▶ **ASSIGNMENT**
Below are records; the lines starting at the one with "AI Generated Video." and ending at the one with "The cylindrical glass" must be reproduced exactly, both included. Pictures must not appear.

▶ **DATA FOR REVIEW**
*** Block opens ***

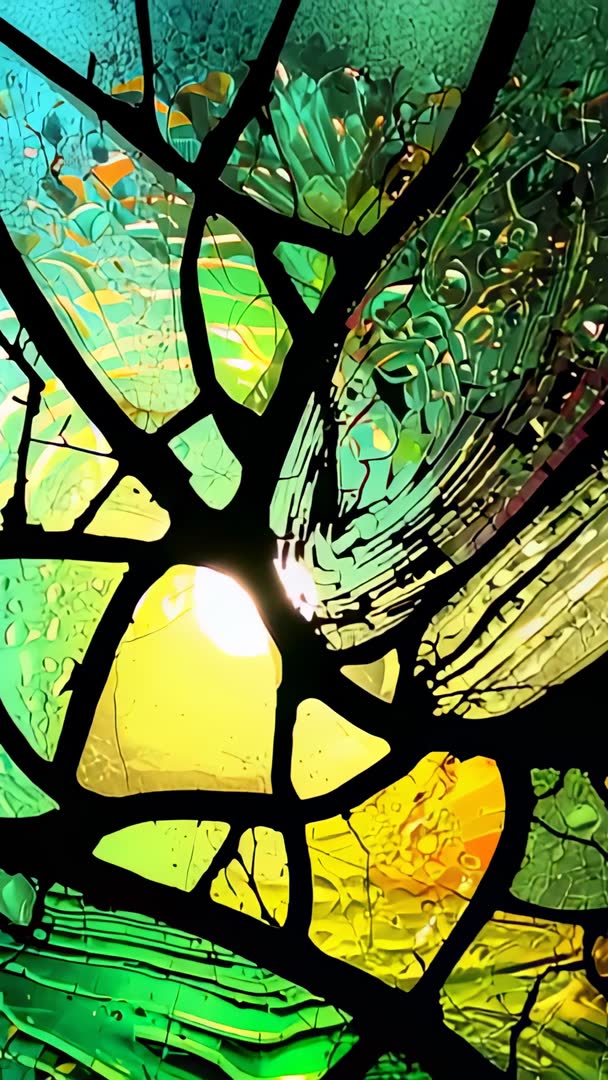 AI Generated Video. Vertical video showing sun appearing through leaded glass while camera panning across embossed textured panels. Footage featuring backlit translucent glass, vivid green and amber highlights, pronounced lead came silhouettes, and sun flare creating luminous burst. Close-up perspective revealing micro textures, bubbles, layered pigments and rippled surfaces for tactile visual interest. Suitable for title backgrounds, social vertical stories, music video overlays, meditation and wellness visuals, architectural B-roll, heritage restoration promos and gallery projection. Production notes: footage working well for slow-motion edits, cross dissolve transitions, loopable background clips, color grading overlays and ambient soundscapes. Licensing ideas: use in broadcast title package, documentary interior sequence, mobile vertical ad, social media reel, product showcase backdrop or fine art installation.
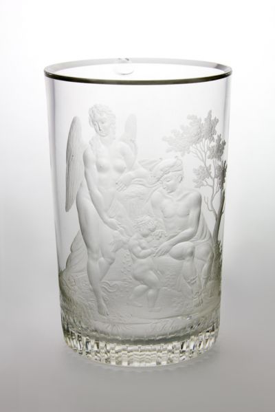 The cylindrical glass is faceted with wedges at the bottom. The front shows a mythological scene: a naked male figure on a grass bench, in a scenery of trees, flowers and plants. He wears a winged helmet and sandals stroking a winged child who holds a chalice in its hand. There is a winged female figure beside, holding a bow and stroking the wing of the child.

*** Block closes ***
*** Block opens ***

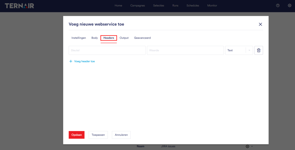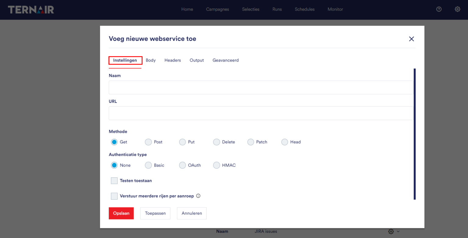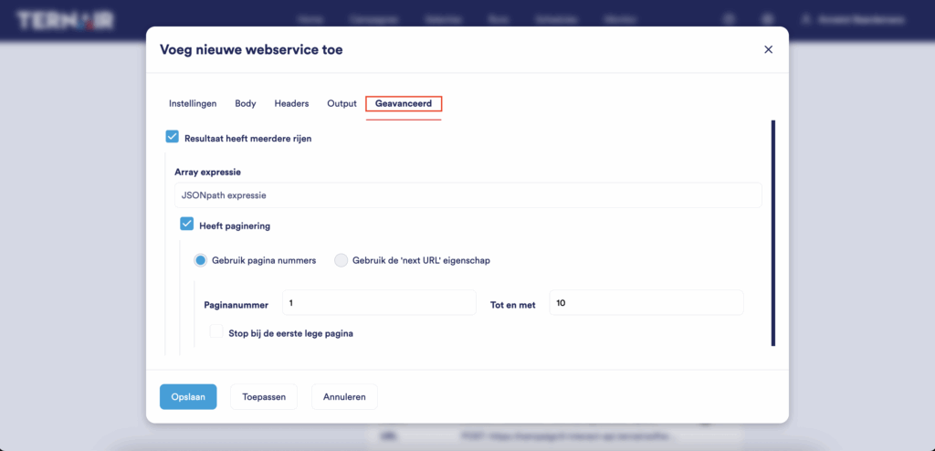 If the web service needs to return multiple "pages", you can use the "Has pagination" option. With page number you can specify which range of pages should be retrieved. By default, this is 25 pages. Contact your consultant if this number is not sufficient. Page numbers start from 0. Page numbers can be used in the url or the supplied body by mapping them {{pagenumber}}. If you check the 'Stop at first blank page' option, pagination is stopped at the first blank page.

*** Block closes ***
*** Block opens ***

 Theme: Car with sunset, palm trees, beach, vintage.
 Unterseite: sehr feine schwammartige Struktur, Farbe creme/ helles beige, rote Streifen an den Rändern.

*** Block closes ***

▶ **OUTPUT OF THE TASK**
 AI Generated Video. Vertical video showing sun appearing through leaded glass while camera panning across embossed textured panels. Footage featuring backlit translucent glass, vivid green and amber highlights, pronounced lead came silhouettes, and sun flare creating luminous burst. Close-up perspective revealing micro textures, bubbles, layered pigments and rippled surfaces for tactile visual interest. Suitable for title backgrounds, social vertical stories, music video overlays, meditation and wellness visuals, architectural B-roll, heritage restoration promos and gallery projection. Production notes: footage working well for slow-motion edits, cross dissolve transitions, loopable background clips, color grading overlays and ambient soundscapes. Licensing ideas: use in broadcast title package, documentary interior sequence, mobile vertical ad, social media reel, product showcase backdrop or fine art installation.
 The cylindrical glass is faceted with wedges at the bottom. The front shows a mythological scene: a naked male figure on a grass bench, in a scenery of trees, flowers and plants. He wears a winged helmet and sandals stroking a winged child who holds a chalice in its hand. There is a winged female figure beside, holding a bow and stroking the wing of the child.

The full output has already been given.